Sind Tierversuche ethisch vertretbar? Die Antwort auf diese Frage hängt entscheidend von der Einstellung zum Tier ab: Ist das Tier dem Menschen untergeordnet? Oder sind ihm eigene Rechte zu gewähren? Falls dies der Fall ist: Wie weit sollen diese Rechte gehen? Die den Tierversuchen zugrunde liegende Sicht ist, dass Tiere zwar zu schützen, jedoch den Menschen untergeordnet sind. Wenn es um die Wissenschafts- und Forschungsfreiheit und um den Gesundheitsschutz geht, dürfen Tiere für Versuche herangezogen werden. Diese dem Forschergeist entspringenden und den Menschen in den Mittelpunkt stellende Sicht ist jedoch nicht unumstritten.
Tierversuch statt Menschenversuch – ethisch vertretbar?

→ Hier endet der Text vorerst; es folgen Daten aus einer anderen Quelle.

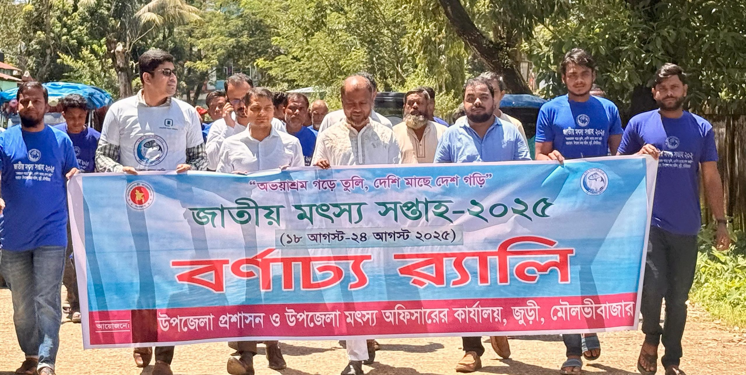 “অভয়াশ্রম গড়ে তুলি, দেশি মাছে দেশ গড়ি” এই প্রতিপাদ্যকে সামনে রেখে জাতীয় মৎস্য সপ্তাহ ২০২৫ উপলক্ষে মৌলভীবাজারের জুড়ীতে নানা কর্মসূচি

Tierversuche erfolgen gewöhnlich, um wissenschaftliche Erkenntnisse zu erlangen und um Menschen vor schädlichen Substanzen von Stoffen zu schützen. Die wissenschaftlichen Erkenntnisse und der Schutz vor schädlichen Substanzen betreffen meist den Menschen und kommen nur an zweiter Stelle – insbesondere in der Tiermedizin – den Tieren zugute. Da wäre es eigentlich nahe liegend, die Versuche direkt an Menschen durchzuführen. Dagegen wird jedoch gewöhnlich das Argument vorgebracht, dass es ethisch nicht vertretbar sei, Menschenleben für die Versuche zu gefährden. Tiere seien mit den Menschen nicht gleichzusetzen und diesen unterzuordnen. Bevor also beispielsweise die Wirkstoffe eines Medikamentes an Menschen getestet werden, werden sie erst einmal langwierigen anderen Testverfahren unterzogen, an deren Ende oftmals Tierversuche stehen. Aber worin liegt der entscheidende Unterschied zwischen dem Menschen und dem Tier, der Tierversuche eher ethisch vertretbar als Menschenversuche erscheinen lässt? Und: Ist eine solche Unterscheidung zwischen Mensch und Tier, die Tiere zugunsten der Wissenschaft und Gesundheit des Menschen opfert überhaupt sachgemäß? Auf diese Fragen werden sehr unterschiedliche Antworten gegeben.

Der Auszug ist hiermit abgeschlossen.